• [How to complete this task]
Pictures aside, the output must consist of the lines from the one containing "Rouan cap-de-maure, a" through the end of the data, reproduced exactly.

• [Supplied material]
========================================

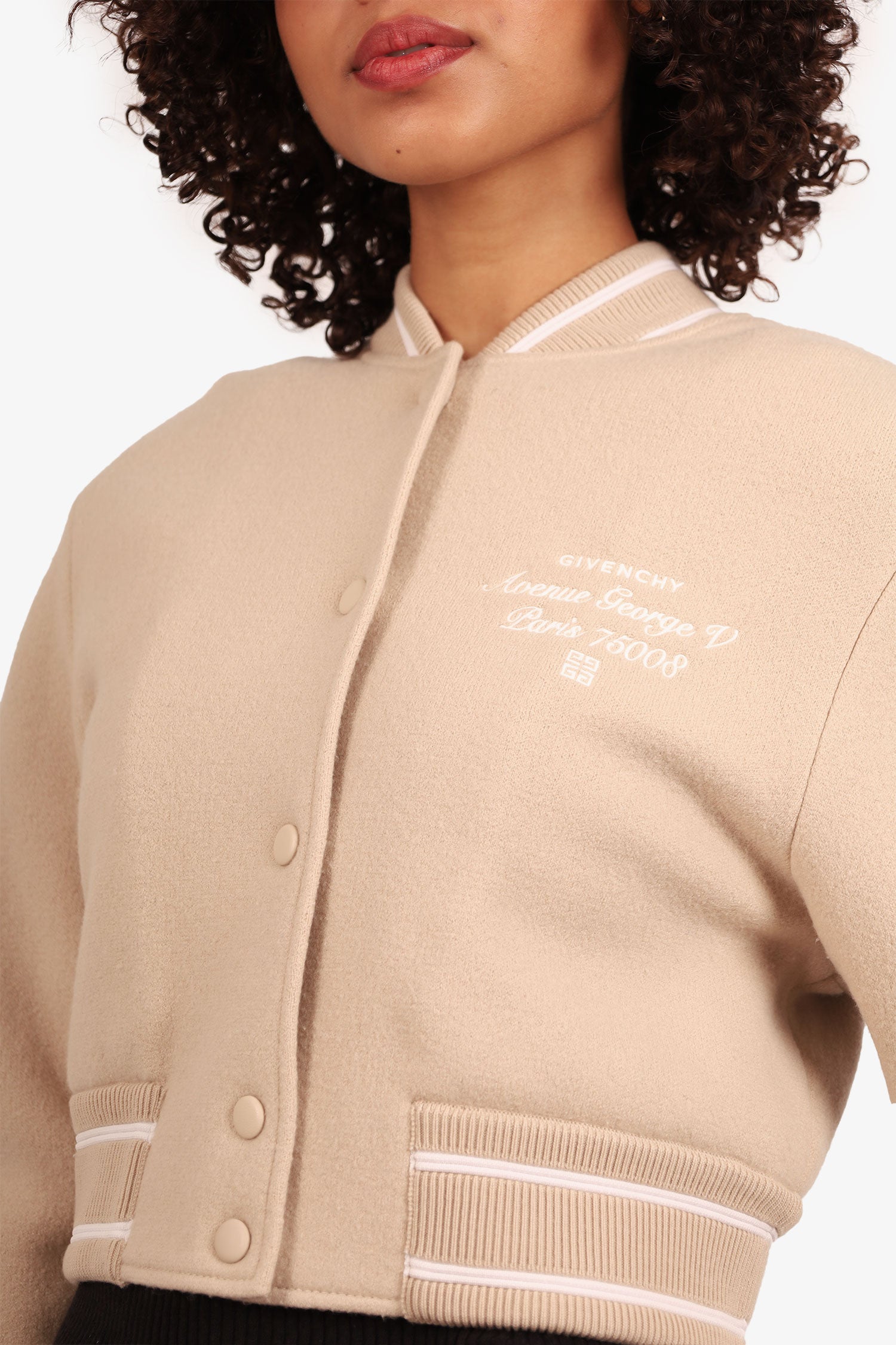 Refresh availabilityGivenchy Beige Cropped Embroidered Bomber Jacket. Front snap-button-up closure. Round-neckline. Elasticated sleeve cuffs, neckline and waistband. Quilted interior. Silver-tone hardware. Tonal stitching.
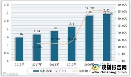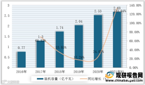 光伏发电是利用半导体界面的光生伏特效应而将光能直接转变为电能的一种技术。主要由太阳电池板(组件)、控制器和逆变器三大部分组成,主要部件由电子元器件构成。根据数据显示,2020年我国光伏发电装机容量为2.53亿千瓦,较2019年同比增长24.02%;2021年上半年我国光伏发电装机容量为2.68亿千瓦。
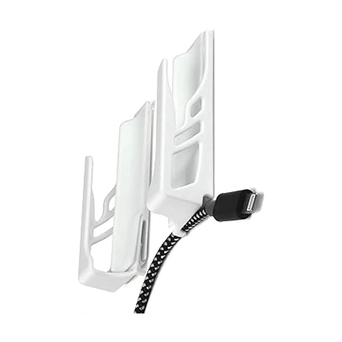 Clips de cable integrados: hay 2 estilos diferentes de clip de cable integrado en cada soporte. El clip lateral es un clip temporal que es muy fácil de usar y está diseñado para sujetar tu cable mientras el soporte no está en uso. El clip inferior es un clip semipermanente diseñado para sujetar tu cable en todo momento.
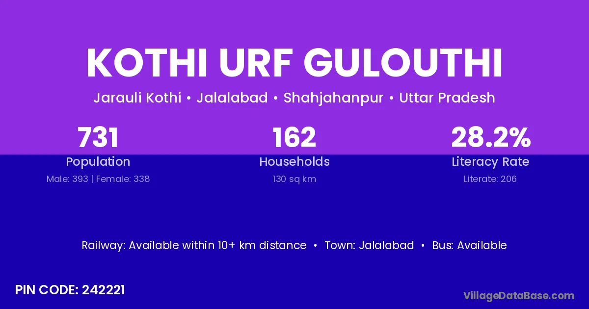 Kothi Urf Gulouthi village has a total population of 731 people, of which 393 are males and 338 are females.
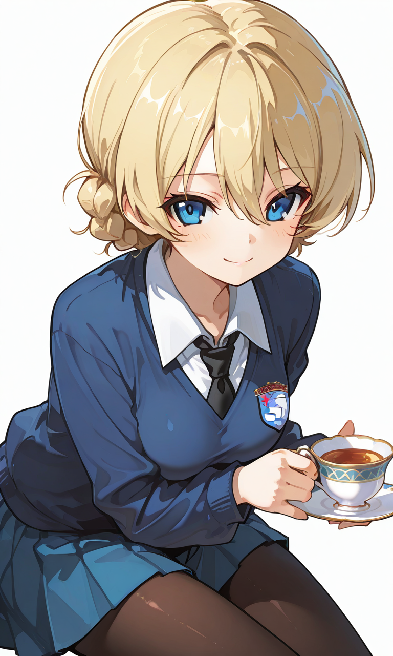 darjeeling (girls und panzer), st. gloriana’s school uniform,pantyhose, smile,teacup, saucer,cowboy shot,simplebackground,white background, masterpiece,high quality, ,tokiame,hyper-detailed, high contrast, depth of field, ray tracing, best lighting, cinematic composition, beautiful face, beautiful eyes, sharp focus, (masterpiece:1.2), (best quality:1.2), (very aesthetic:1.2), (absurdres:1.2), (detailed background),NineV
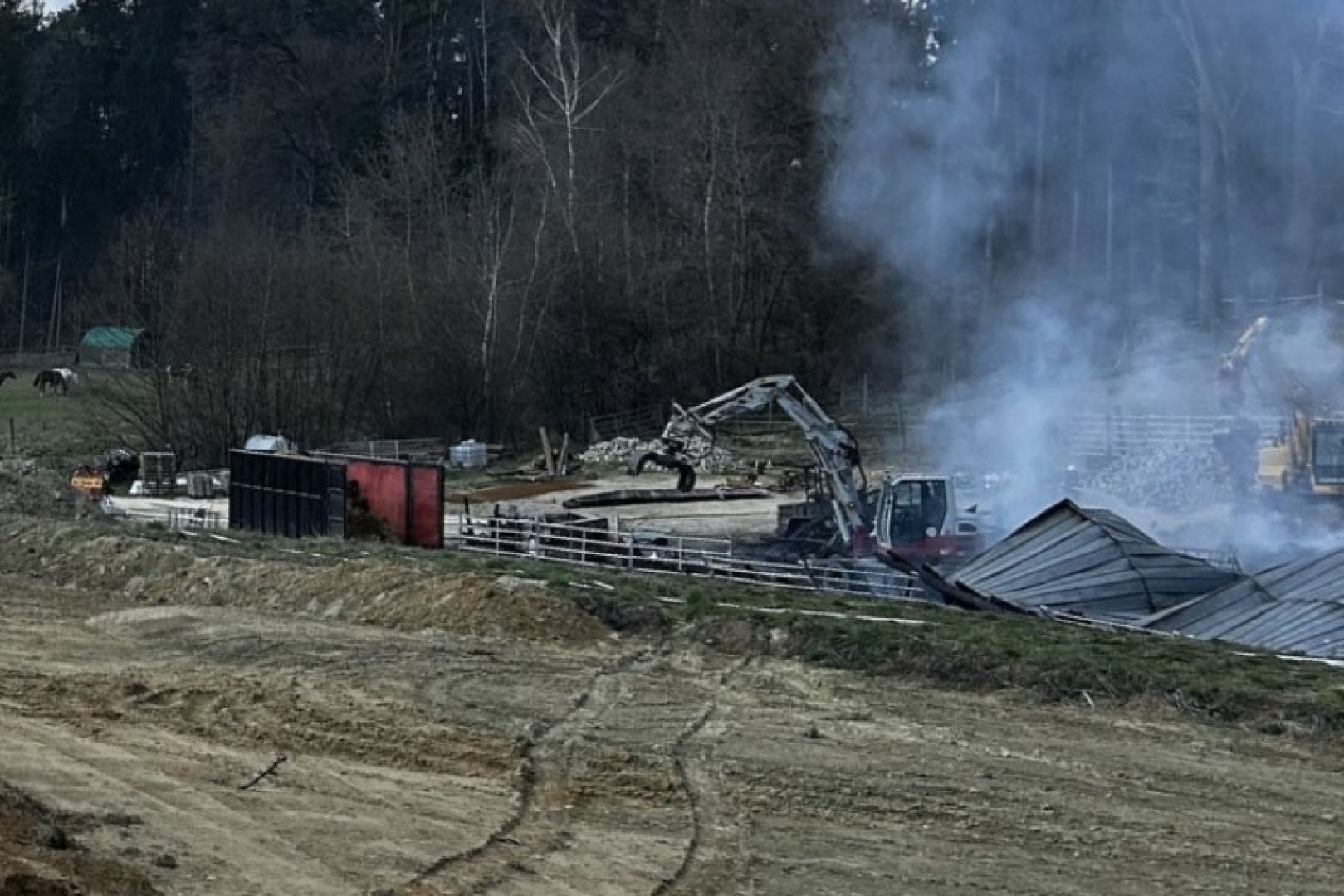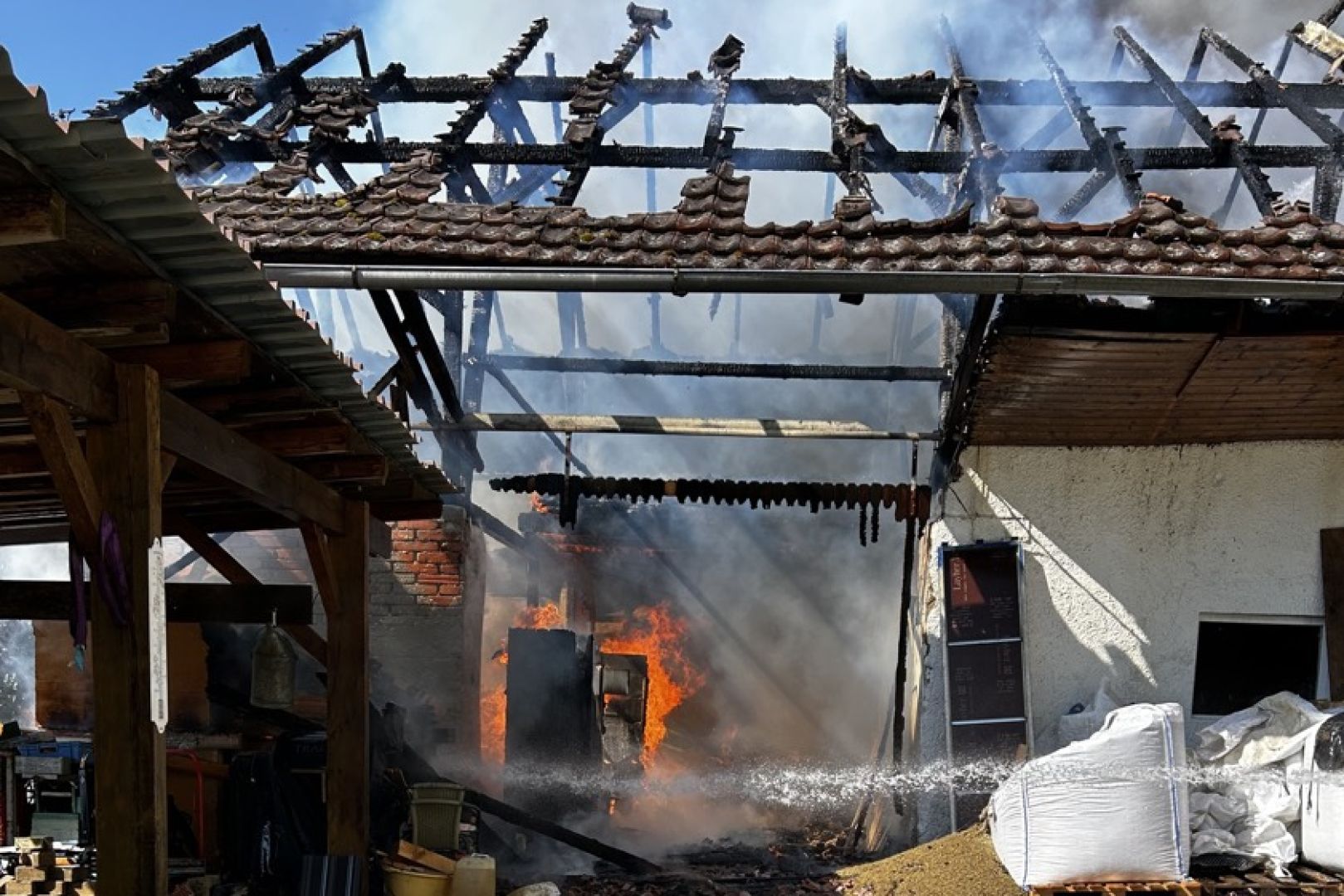Im weiteren Verlauf des Einsatzes wurden den Angaben zufolge auch Bagger eingesetzt, die die eingestürzten Teile der Scheune abtrugen und zur Seite räumten, um so das weitere Ablöschen des Feuers zu ermöglichen. Neben den Floriansjüngern aus Train waren die Kameraden aus Mallmersdorf, Elsendorf, Mainburg und Neustadt an der Donau sowie die "Unterstützungs-Gruppe örtliche Einsatz-Leitung" vor Ort. Außerdem angerückt waren Polizeibeamte und der Rettungsdienst sowie ein Krisen-Interventions-Team des BRK.
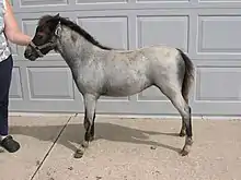 Rouan cap-de-maure, a la tête et les extrémités noires, et le reste du corps rouan
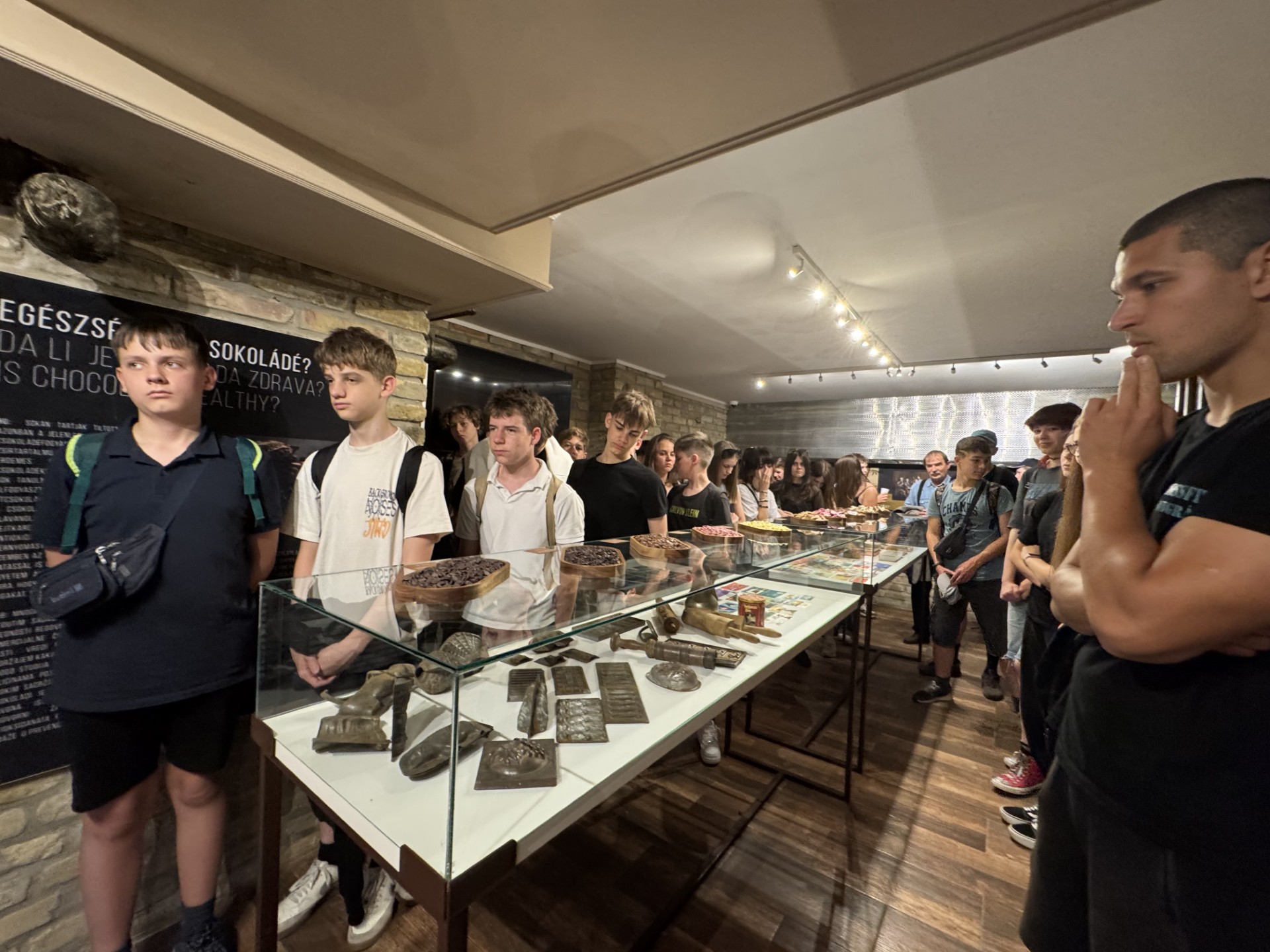 Az érdekes foglalkozás után sétánkat Zenta központja felé folytattuk. A gyönyörű főtér mindenkinek tetszett. A Réel Csokoládémanufaktúra múzeumában megkóstolhattuk a legfinomabb csokoládékat. Mindenki talált valami kedvére való finomságot. A kóstoló nemcsak a legkülönlegesebb csokoládékat jelentette (100%-os étcsokoládé), de a manufaktúra híres, különleges terméke is asztalon volt, a sóskaramellás csokoládé. A múzeum érdekessége, hogy a tulajdonosmester elkészítette csokoládéból a zentai Városháza makettjét. Filmvetítés tette még érdekesebbé az idegenvezetést a csokoládéfogyasztás történelméről, jelenéről.
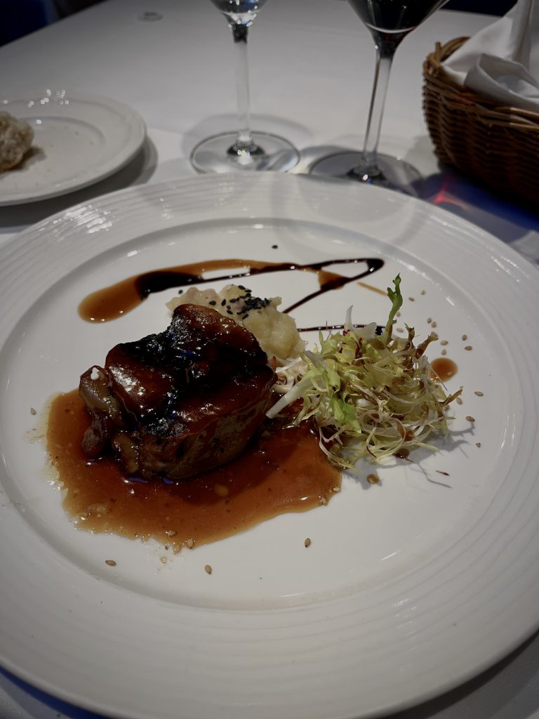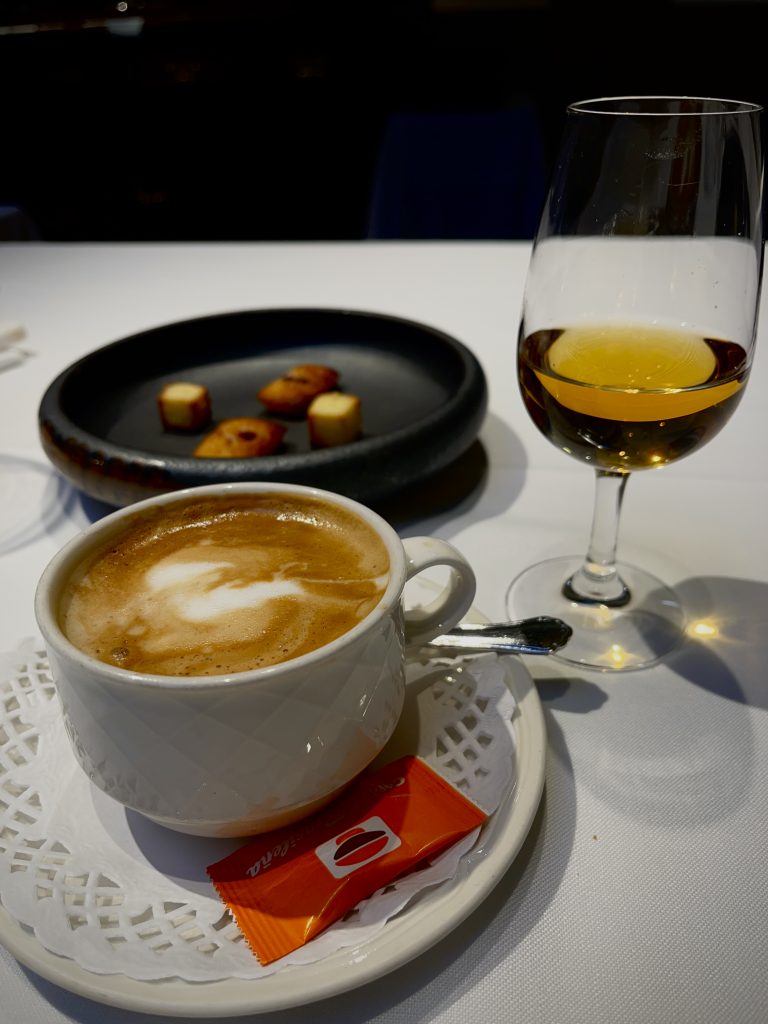 Ich konnte das ganze Menü kostenlos genießen – ein kleines Dankeschön für meine Arbeit im Restaurant. Dazu gab es noch einen sehr leckeren Wein und zum Abschluss einen Kaffee. Am Ende war ich wirklich satt, aber glücklich.

========================================

• [Solved problem]
 Rouan cap-de-maure, a la tête et les extrémités noires, et le reste du corps rouan
 Az érdekes foglalkozás után sétánkat Zenta központja felé folytattuk. A gyönyörű főtér mindenkinek tetszett. A Réel Csokoládémanufaktúra múzeumában megkóstolhattuk a legfinomabb csokoládékat. Mindenki talált valami kedvére való finomságot. A kóstoló nemcsak a legkülönlegesebb csokoládékat jelentette (100%-os étcsokoládé), de a manufaktúra híres, különleges terméke is asztalon volt, a sóskaramellás csokoládé. A múzeum érdekessége, hogy a tulajdonosmester elkészítette csokoládéból a zentai Városháza makettjét. Filmvetítés tette még érdekesebbé az idegenvezetést a csokoládéfogyasztás történelméről, jelenéről.
 Ich konnte das ganze Menü kostenlos genießen – ein kleines Dankeschön für meine Arbeit im Restaurant. Dazu gab es noch einen sehr leckeren Wein und zum Abschluss einen Kaffee. Am Ende war ich wirklich satt, aber glücklich.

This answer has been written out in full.